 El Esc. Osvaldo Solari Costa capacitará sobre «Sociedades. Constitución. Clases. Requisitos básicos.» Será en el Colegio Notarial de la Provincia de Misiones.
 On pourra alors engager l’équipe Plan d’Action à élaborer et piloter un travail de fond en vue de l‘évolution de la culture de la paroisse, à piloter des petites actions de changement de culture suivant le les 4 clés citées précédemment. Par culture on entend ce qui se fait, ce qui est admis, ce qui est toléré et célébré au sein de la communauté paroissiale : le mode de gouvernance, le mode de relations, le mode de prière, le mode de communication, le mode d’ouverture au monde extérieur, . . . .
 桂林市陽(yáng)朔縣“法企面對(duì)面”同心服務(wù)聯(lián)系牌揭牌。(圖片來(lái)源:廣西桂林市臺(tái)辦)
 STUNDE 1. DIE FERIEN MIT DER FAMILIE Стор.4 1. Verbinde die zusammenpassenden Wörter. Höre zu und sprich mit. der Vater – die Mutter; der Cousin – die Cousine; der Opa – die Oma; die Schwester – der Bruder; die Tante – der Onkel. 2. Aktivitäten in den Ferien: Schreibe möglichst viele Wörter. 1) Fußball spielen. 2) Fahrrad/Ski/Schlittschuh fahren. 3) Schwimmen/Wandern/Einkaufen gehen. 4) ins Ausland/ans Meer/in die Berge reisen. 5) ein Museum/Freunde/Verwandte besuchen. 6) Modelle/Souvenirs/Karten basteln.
------------------------------
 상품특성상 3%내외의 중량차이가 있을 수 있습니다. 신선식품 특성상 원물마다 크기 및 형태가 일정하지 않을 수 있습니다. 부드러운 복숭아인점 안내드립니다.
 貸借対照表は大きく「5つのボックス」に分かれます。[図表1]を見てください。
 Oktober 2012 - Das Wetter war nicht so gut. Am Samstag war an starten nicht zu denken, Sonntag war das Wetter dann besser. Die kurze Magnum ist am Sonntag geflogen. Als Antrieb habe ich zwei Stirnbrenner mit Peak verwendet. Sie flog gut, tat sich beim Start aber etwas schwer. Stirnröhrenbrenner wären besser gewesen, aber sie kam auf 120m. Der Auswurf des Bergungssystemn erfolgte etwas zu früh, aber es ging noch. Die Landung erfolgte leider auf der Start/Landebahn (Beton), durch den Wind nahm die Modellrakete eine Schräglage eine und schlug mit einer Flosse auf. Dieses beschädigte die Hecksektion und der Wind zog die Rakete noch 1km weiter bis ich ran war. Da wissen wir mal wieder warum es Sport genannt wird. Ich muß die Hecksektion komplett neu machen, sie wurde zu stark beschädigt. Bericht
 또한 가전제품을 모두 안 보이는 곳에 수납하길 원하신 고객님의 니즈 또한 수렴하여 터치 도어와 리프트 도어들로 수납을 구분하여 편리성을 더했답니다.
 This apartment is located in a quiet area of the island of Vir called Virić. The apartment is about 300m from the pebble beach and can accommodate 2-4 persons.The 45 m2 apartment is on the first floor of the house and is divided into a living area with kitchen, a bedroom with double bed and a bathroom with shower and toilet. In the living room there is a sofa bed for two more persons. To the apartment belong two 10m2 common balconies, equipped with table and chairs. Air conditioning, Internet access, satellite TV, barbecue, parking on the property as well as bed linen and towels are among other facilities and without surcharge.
------------------------------
• [YOUR GOAL]
What is needed is a verbatim copy of every line in the records above from the one containing "또한 가전제품을 모두" down to the one containing "This apartment is", both included, and nothing more.

• [ANSWER BOX]
 또한 가전제품을 모두 안 보이는 곳에 수납하길 원하신 고객님의 니즈 또한 수렴하여 터치 도어와 리프트 도어들로 수납을 구분하여 편리성을 더했답니다.
 This apartment is located in a quiet area of the island of Vir called Virić. The apartment is about 300m from the pebble beach and can accommodate 2-4 persons.The 45 m2 apartment is on the first floor of the house and is divided into a living area with kitchen, a bedroom with double bed and a bathroom with shower and toilet. In the living room there is a sofa bed for two more persons. To the apartment belong two 10m2 common balconies, equipped with table and chairs. Air conditioning, Internet access, satellite TV, barbecue, parking on the property as well as bed linen and towels are among other facilities and without surcharge.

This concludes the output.